Hello!

Try this: the next time you have lunch planned with a friend, have him meet you at your office.  Put him on your calendar.  But don’t tell anyone who he is or why he’s there.

Then, when you sit down with him, ask him what it felt like to be a new visitor to your place of work.

How long does he wait at reception?  Does the receptionist pass him to another person before getting to talk to you?  Is he attended to quickly or does he wait for a while?  Did people say hello to him?  Was he brought to your desk or to a conference room?  Did the experience make him feel welcomed, excited, intimidated, put off?  Does your office feel active and buzzing or empty and quiet?

How was he left feeling before your “meeting” even started?  And how does this compare to how you’d like someone to feel before / during / after a meeting?

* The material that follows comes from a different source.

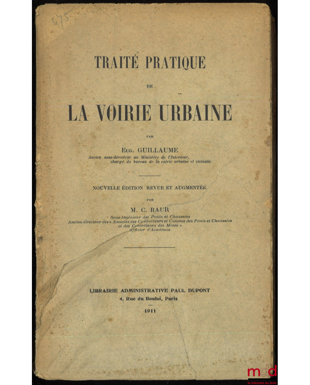 TRAITÉ PRATIQUE DE LA VOIRIE URBAINE, nouvelle éd. revue et augmentée par M.C. BAUR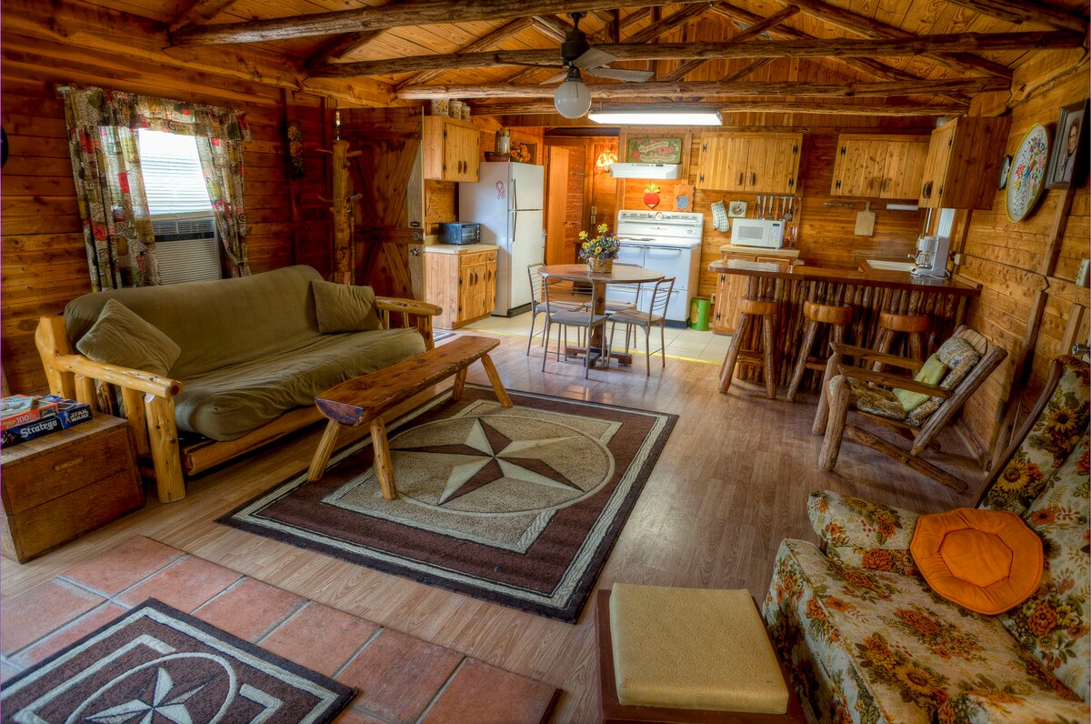 Ga terug naar de basis in een rustige gezellige hut bij FoxFire in Vanderpool. Geniet van het opnieuw verbinden met de natuur met een wandeling of zwem in de Sabinal-rivier, wandel in Lost Maples Park, vogels kijken of's nachts genieten van de sterren en een kampvuur! Volledig ingerichte comfortabele hutten met 2 slaapkamers en 1 badkamer. Geen tv's of magnetron, maar wifi, kampvuurring, barbecue, volledige keuken/bad met picknickplaats buiten. Het terrein heeft ook een speeltuin, basketbaldoel, volleybalnet en toegang tot de rivier. Gezins- en huisdier-vriendelijk!

Here’s how this often works:

  • You arrive and say who you’re there to meet
  • A receptionist call an assistant
  • You wait a bit
  • The assistant comes to greet you and takes you to an empty room
  • You’re offered something to drink
  • You wait a bit
  • The drink arrives
  • You wait a bit
  • The meeting starts
  • (elapsed time: 5-10 minutes if all goes smoothly)

This particular sequence of events might be fine if you want to make a very specific impression (namely, we’re big and established).  But if the impression you’re after is “nimble, cutting edge organization” consider re-imagining the whole shebang.

Maybe something along the lines of: person arrives, they’re walked straight to your desk.

The advantage you have against the big guys is that you’re NOT them.  In which case acting just like them (because that’s how they do it) is a huge miss.